I have a folder with several files that are named like this:

file.001.txt.gz, file.002.txt.gz, ... , file.150.txt.gz

What I want to do is use a loop to run a program with each file. I was thinking in something like this (just a sketch):

for i in {1:150}
  gunzip file.$i.txt.gz
  ./my_program file.$i.txt output.$1.txt
  gzip file.$1.txt

First of all, I don't know if something like this is gonna work, and second, I can't figure out how to keep the three digits numeration the file have ('001' instead of just '1').

Thanks a lot

5 Answers5

1

The syntax for ranges in bash is

{1..150}

not {1:150}.

Moreover, if your bash is recent enough, you can add the leading zeroes:

{001..150}

The correct syntax of the for loop needs do and done.

for i in {001..150} ; do
    # ...
done

It's unclear what $1 contains in your script.

choroba
  • 231,213
  • 25
  • 204
  • 289
1

To iterate over files I believe the simpler way is: (assuming there are no files named 'file.*.txt' already in the directory and that your output file can have a different name)

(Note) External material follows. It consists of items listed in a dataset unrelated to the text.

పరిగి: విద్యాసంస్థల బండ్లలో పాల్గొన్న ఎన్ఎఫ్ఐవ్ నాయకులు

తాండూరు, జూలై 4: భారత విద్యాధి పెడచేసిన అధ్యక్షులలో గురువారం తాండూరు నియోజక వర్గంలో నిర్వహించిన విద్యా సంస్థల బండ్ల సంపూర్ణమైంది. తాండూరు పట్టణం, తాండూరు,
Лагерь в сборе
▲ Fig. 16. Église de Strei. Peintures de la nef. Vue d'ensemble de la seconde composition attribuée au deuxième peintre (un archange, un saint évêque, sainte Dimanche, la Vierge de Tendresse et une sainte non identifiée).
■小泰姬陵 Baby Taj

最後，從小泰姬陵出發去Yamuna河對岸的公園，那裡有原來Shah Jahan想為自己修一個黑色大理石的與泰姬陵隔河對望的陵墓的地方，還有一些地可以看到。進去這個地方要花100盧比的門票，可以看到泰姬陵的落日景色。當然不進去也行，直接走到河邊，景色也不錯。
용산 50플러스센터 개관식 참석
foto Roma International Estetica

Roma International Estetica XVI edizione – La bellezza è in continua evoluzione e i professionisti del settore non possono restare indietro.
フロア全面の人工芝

for i in file.*.txt.gz; do
    gunzip $i
    ./my_program $i $i-output.txt
    gzip file.*.txt
done
chepner
  • 497,756
  • 71
  • 530
  • 681
1

Using find command:

# Path to the source directory
dir="./"

while read file
do
  output="$(basename "$file")"
  output="$(dirname "$file")/"${output/#file/output}
  echo "$file ==> $output"
done < <(find "$dir" \
  -regextype 'posix-egrep' \
  -regex '.*file\.[0-9]{3}\.txt\.gz$')

The same via pipe:

find "$dir" \
  -regextype 'posix-egrep' \
  -regex '.*file\.[0-9]{3}\.txt\.gz$' | \
  while read file
  do
    output="$(basename "$file")"
    output="$(dirname "$file")/"${output/#file/output}
    echo "$file ==> $output"
  done

Sample output

/home/ruslan/tmp/file.001.txt.gz ==> /home/ruslan/tmp/output.001.txt.gz
/home/ruslan/tmp/file.002.txt.gz ==> /home/ruslan/tmp/output.002.txt.gz

(for $dir=/home/ruslan/tmp/).

Description

The scripts iterate the files in $dir directory. The $file variable is filled with the next line read from the find command. The find command returns a list of paths corresponding to the regular expression '.*file\.[0-9]{3}\.txt\.gz$'.

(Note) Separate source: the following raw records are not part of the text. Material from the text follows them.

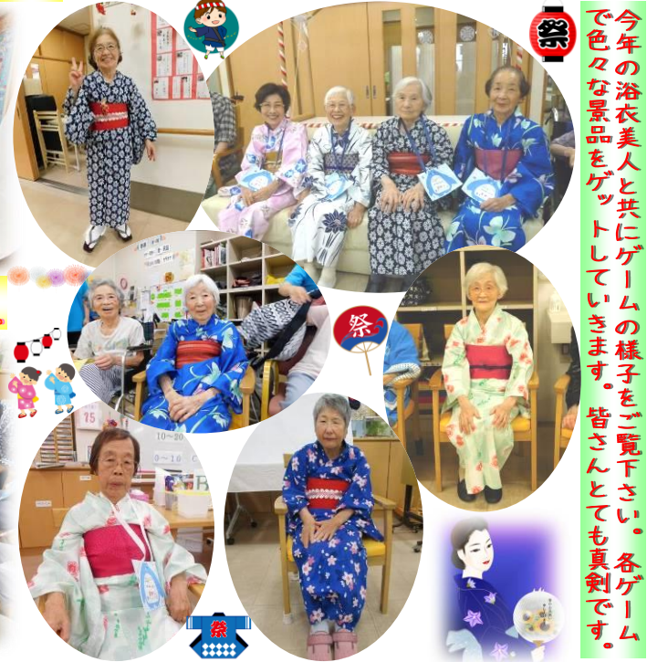
今年の浴衣美人と共にゲームの様子をご覧下さい。各ゲームで色々な景品をゲットしていきます。皆さんとても真剣です。
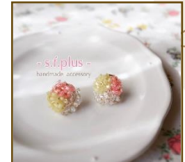
-s.f.plus- handmade accessory
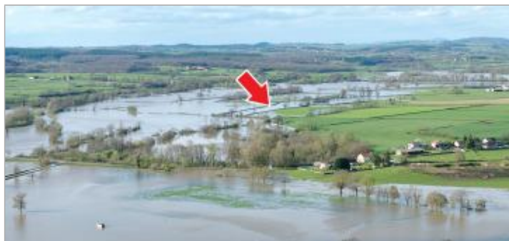
Photo prise pendant l'événement, le 02/04/2024, à 17h52.
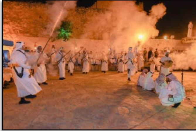
صورة رقم (1) فن المدقال

وهو بارود فقط. وفي نهاية العرض تجتمع كافة المجموعات مشكلين حلقة واحدة يطلقون فيها مقمعاتهم في لحظة واحدة. يلي ذلك تبدأ صفوف العرضة في التشكيل ( https://www.alriyadh.com , 2023).
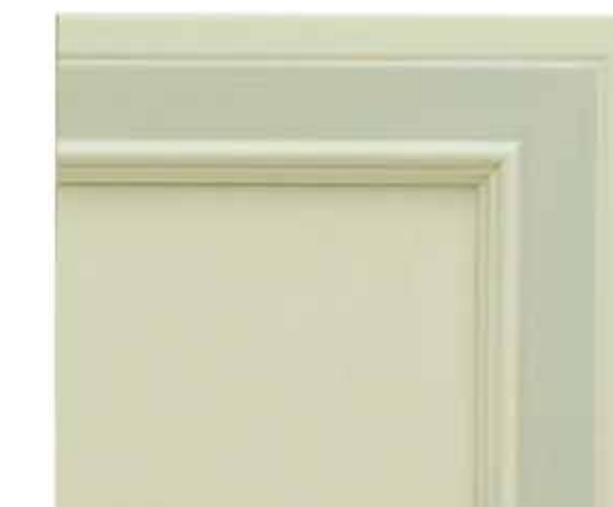
H11 - Verde patinato sovracolori in tinta H11 - Green glazed finish with matching colour wash H11 - Vert patiné avec badigeon assorti H11 - Grün patiniert deckfarbe im gleichen ton

Verfügbar in 7 Varianten. Der farbige Grundton wird anschließend mit Patina und eventuell mit gleichfarbigen Deckfarben bearbeitet.
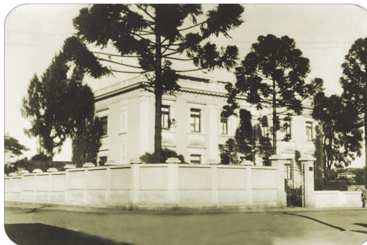
A escola murada nos anos 1940.
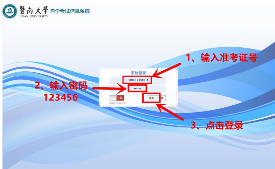
图 2 暨南大学自学考试信息系统
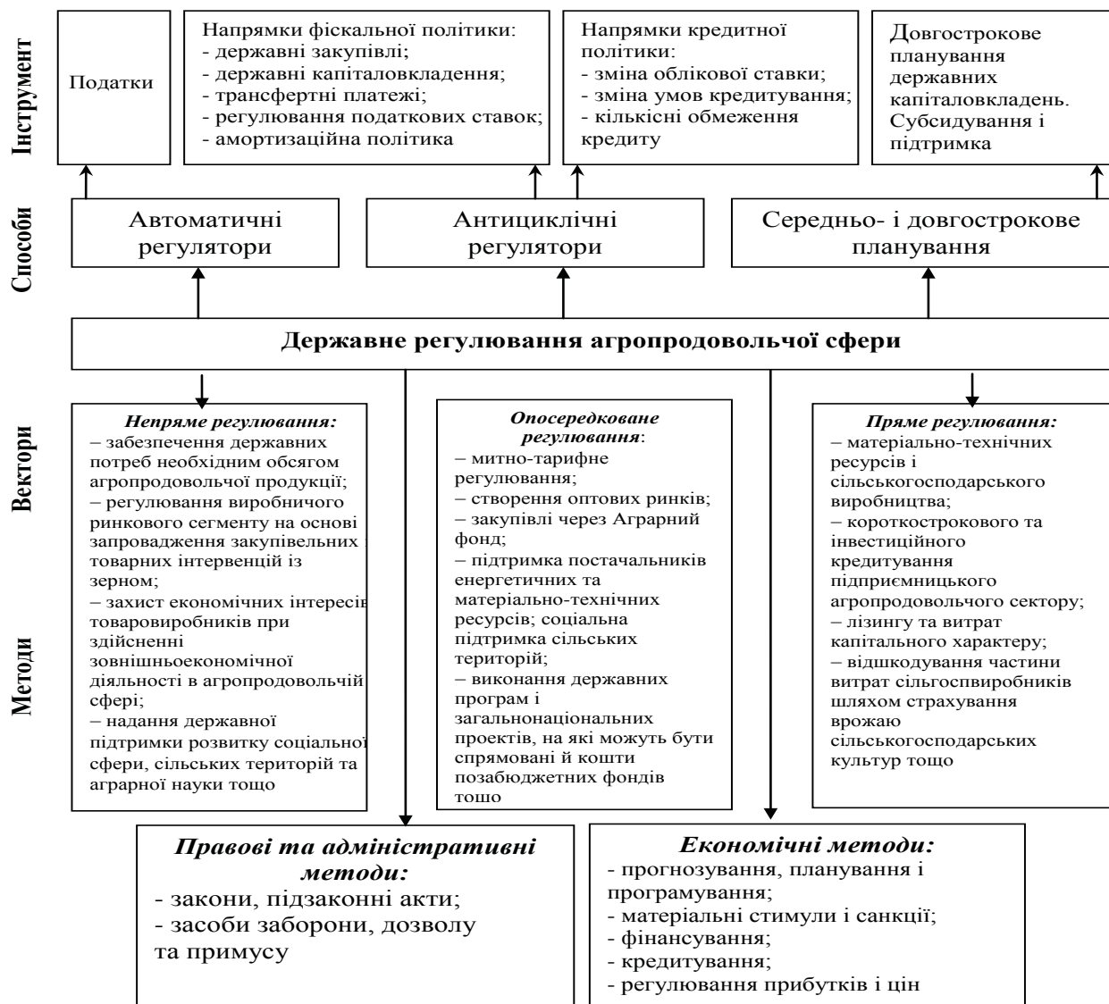
Рис. 1. Державне регулювання агропродовольчої сфери * Джерело: побудовано автором за допомогою [1; 3]

До головних опосередкованих векторів реалізації державної підтримки відносяться:
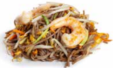
176 SPAGHETTI SOBA CON GAMBERI* con uova, verdure mix e gamberi* ... Allergeni: 1.2.3.6
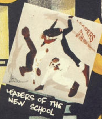
LEADERS OF THE NEW SCHOOL

Voici, d'après moi, les meilleurs albums de Rap de cette année, et, sur la centaine qui sont sortis en 91, le choix fut difficile. Je ne les ai pas classés par ordre de préférence car je n'en ai pas. Ils ont juste été pour moi les meilleurs albums au moment de leur sortie et ont marqué une période, un style, un nouveau pas dans l'évolution du Rap.
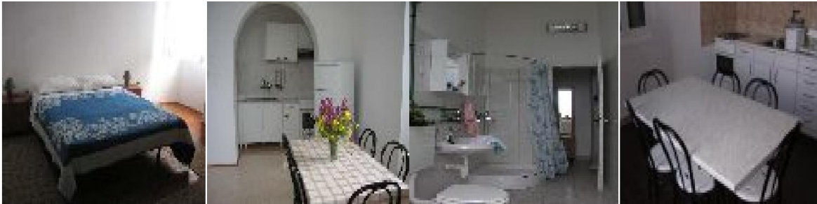
Slika 16: Unutrašnjost svjetionika Struga

The $output variable is built from two parts: basename (path without directories) and dirname (path to file's directory).

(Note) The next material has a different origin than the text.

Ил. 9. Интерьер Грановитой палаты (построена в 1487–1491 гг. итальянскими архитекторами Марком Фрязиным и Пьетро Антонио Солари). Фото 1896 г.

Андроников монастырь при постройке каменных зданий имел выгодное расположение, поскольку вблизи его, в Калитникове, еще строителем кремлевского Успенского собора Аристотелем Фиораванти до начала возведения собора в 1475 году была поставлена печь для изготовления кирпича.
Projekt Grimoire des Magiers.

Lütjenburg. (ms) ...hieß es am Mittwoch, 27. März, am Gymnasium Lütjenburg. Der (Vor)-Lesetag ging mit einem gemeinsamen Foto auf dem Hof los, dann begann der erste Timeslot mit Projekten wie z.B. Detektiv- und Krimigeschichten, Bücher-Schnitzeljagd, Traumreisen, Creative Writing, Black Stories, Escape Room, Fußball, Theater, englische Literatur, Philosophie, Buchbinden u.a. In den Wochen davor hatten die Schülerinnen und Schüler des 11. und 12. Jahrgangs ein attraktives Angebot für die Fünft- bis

${output/#file/output} expression replaces file with output at the front end of $output variable (see Manipulating Strings)

Ruslan Osmanov
  • 20,486
  • 7
  • 46
  • 60
0

Try-

for i in $(seq -w 1 150)     #-w adds the leading zeroes
do
  gunzip file."$i".txt.gz
  ./my_program file."$i".txt output."$1".txt
  gzip file."$1".txt
done
Chem-man17
  • 1,700
  • 1
  • 12
  • 27
  • 1
    Although this code may help to solve the problem, it doesn't explain _why_ and/or _how_ it answers the question. Providing this additional context would significantly improve its long-term educational value. Please [edit] your answer to add explanation, including what limitations and assumptions apply. – Toby Speight Oct 20 '16 at 16:27
0

The syntax for ranges is as choroba said, but when iterating over files you usually want to use a glob. If you know all the files have three digits in their names you can match on digits:

shopt -s nullglob
for i in file.0[0-9][0-9].txt.gz file.1[0-4][0-9] file.15[0].txt.gz; do
  gunzip file.$i.txt.gz
  ./my_program file.$i.txt output.$i.txt
  gzip file.$i.txt
done

This will only iterate through files that exist. If you use the range expression, you have to take extra care not to try to operate on files that don't exist.

for i in file.{000..150}.txt.gz; do
    [[ -e "$i" ]] || continue
    ...otherstuff
done
Community
  • 1
  • 1
kojiro
  • 74,557
  • 19
  • 143
  • 201